What is a Nonsuit and Why Should it Matter?

Written by Jessica Relyea, Esq.

Edited by Brian Cafritz, Esq.

Almost every state has certain rules or procedures that are unique to that jurisdiction.  In Virginia, one of our legal oddities is the existence and breadth of the voluntary nonsuit.  A voluntary nonsuit in state court is a procedural right to voluntarily dismiss the case, but it is created by statute.  Va. Code Ann. § 8.01-380.  Although it is a voluntary dismissal, a nonsuit does not operate the same way as a voluntary dismissal in federal court.   It allows the Plaintiff to correct a flaw in her case and reset the matter to the start in a future filing, with no real penalty or hardship.  The Supreme Court of Virginia has described a voluntary nonsuit as a “powerful tactical weapon in the hands of Plaintiff.  Trout v. Commonwealth Transp. Comm’r of Va., 241 VA 69, 73 (1991). Given this tool at plaintiff’s disposal, it is important for all defendants to understand what a voluntary nonsuit is, how it can be used, and how it may impact their case.

In Virginia, a Plaintiff is allowed one nonsuit as a matter of right, which can be taken at any point before a motion to strike the evidence has been sustained or before the case has been submitted to the jury.  Va. Code Ann. § 8.01-380.  This means a Plaintiff can nonsuit her case while a motion for summary judgment is pending or in the middle of trial if she does not like the make-up of the jury or how her doctor testified.  Plaintiff does not need the consent of all parties or even the approval of the Court to take her first nonsuit.  Id.  If a Plaintiff wants to take a second nonsuit, she can only do so at the discretion of the court after reasonable notice is given to all parties.  Va. Code Ann. § 8.01-380(B).

The federal court rules do not allow for nonsuits, but rather, allow for voluntary dismissals under certain circumstances.  Fed. R. Civ. Pro. R. 41.  The most notable distinction between a nonsuit and voluntary dismissal is that if a defendant has entered an appearance in federal court, plaintiff can only dismiss the matter with the consent of all parties or the approval of Court.  Id. Furthermore, the Virginia Supreme Court has held that a voluntary dismissal under the federal rules does not necessarily act as a nonsuit under the Virginia rules.  As such, if a Plaintiff voluntarily dismisses her matter in federal court, she may still be entitled to a nonsuit as a matter of right in state court.  See INOVA Health Care Servs.
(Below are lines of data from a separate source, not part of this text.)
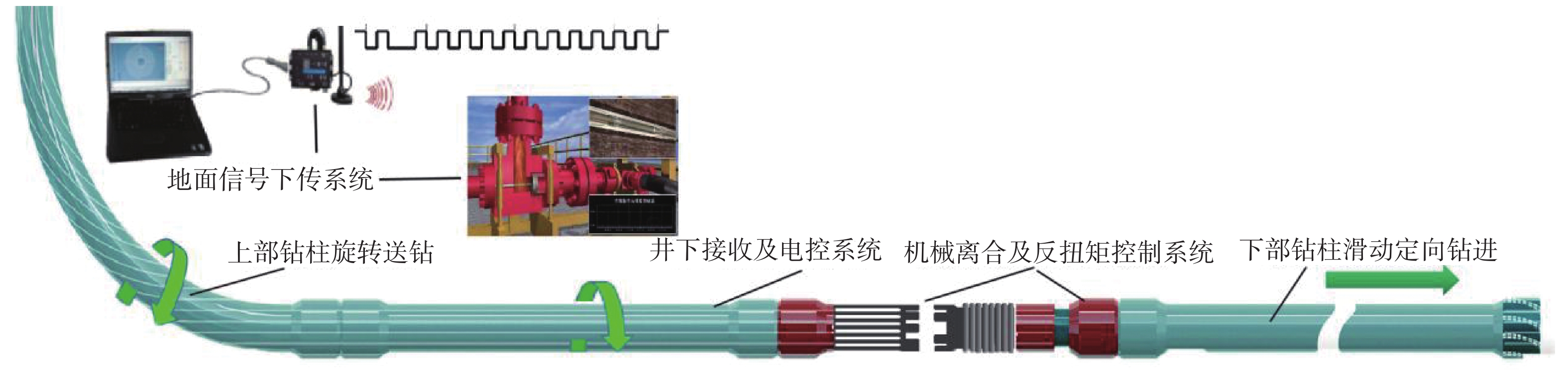 The half-way rotary steerable drilling technology separates the torque of the lower drilling tool from the upper drilling tool so that the upper drill string can be rotated and achieve bit feed at low speed, while the lower drilling tool performs conventional sliding directional drilling. In this way, the trajectory control ability of steerable drilling and the extension ability of horizontal sections can be greatly improved at a low cost. Based on this technology, an electronically controlled half-way rotary steerable drilling tool was developed. The tool was installed near the drill bit end of the drill string of conventional sliding directional drilling. The ground signal transmission device sent a negative pulse sequence command of the drilling fluid. After receiving the command, the tool performed the drill string torque separation and combination actions. It should be pointed out that the control of the anti-torque after torque separation is the key technology of the tool. Usually, the friction torque between the drill string and the well wall is used to counteract the anti-torque, but when the torque surges, the anti-torque cannot be balanced. The electronically controlled half-way rotary steerable drilling tool can effectively resist the anti-torque and stabilize the tool face by adding an anti-torque-resistant stabilizer and a torque absorption and energy storage assembly. The field tests results of four wells with the electronically controlled half-way rotary steerable drilling tool applied show that the tool can greatly alleviate the support pressure, reduce friction and drag, and improve the transmission efficiency of weight on bit (WOB). The tool has the ability to control the anti-torque. After the torque is separated, the tool face remains stable, and the rate of penetration (ROP) is improved. Therefore, the tool can be widely promoted and applied.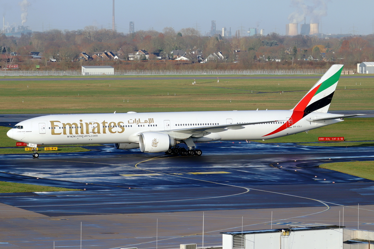 Emirates Boeing 777-31HER A6-EGJ rollt zum Gate in Düsseldorf 30.12.2025
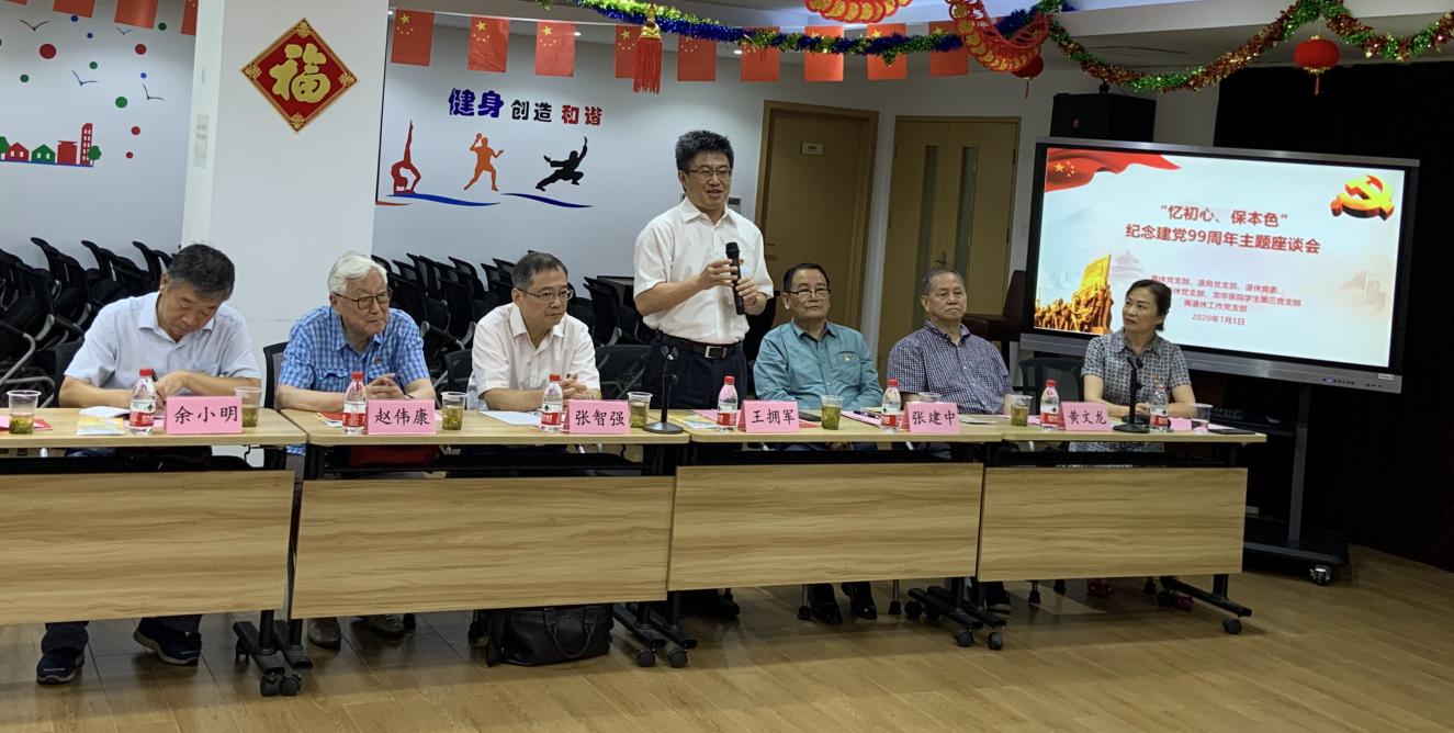 7月1日上午,校离休党支部、退休局级干部党支部、退休党委、附属龙华医院离退休党支部、龙华医院学生第三党支部以及离退休工作党支部联合举办“忆初心、保本色”庆祝建党99周年主题座谈会暨“四史”专题学习会。我校副校长王拥军出席会议,30多位离退休党员与学生座谈交流,会议由离退休工作处处长、离休党支部副书记蔡贞贞主持。

V. Kebaish, 284 Va. 336 (2012).

There are some limitations and penalties to a Plaintiff’s right to nonsuit. A party cannot nonsuit a cause of action, without the consent of the adverse party, if a counterclaim, cross-claim or third-party claim exists, unless that counterclaim, cross-claim or third party claim can proceed independent of the initial action.  Va. Code Ann. § 8.01-380(D).  Additionally, the nonsuiting party may be assessed costs.  If the party taking the nonsuit does so within seven days of trial, the Court has the discretion to order the nonsuiting party to pay witness fees and travels costs incurred in anticipation of the pending trial  Va. Code Ann. § 8.01-380(C).  Keep in mind that plaintiff cannot be ordered to pay defendant’s attorney’s fees in this scenario. If the Court allows a second or subsequent nonsuit, the Court may assess costs and reasonably attorney’s fees against a nonsuiting party.  Va. Code Ann. § 8.01-380(B).

So what do you do after a nonsuit has been taken?  A voluntary nonsuit tolls the statute of limitations of this lawsuit.  This means that Plaintiff has either six months from the date of the nonsuit or the original period of limitations, whichever is longer, to refile her lawsuit. Va. Code Ann. § 8.01-229(E)(3).  Plaintiff would then have one year from the date of refiling to serve the Complaint.  Va. Sup. Ct. R.  3:5(e).  If Plaintiff fails to properly serve the Complaint within this time period, the defendant can enter a special appearance for the sole purpose of moving the court to dismiss the lawsuit for failure to timely effectuate service.  Id.

Ultimately, after Plaintiff takes a voluntary nonsuit as a matter of right, she can then delay the litigation for an additional 18 months.  A powerful weapon indeed!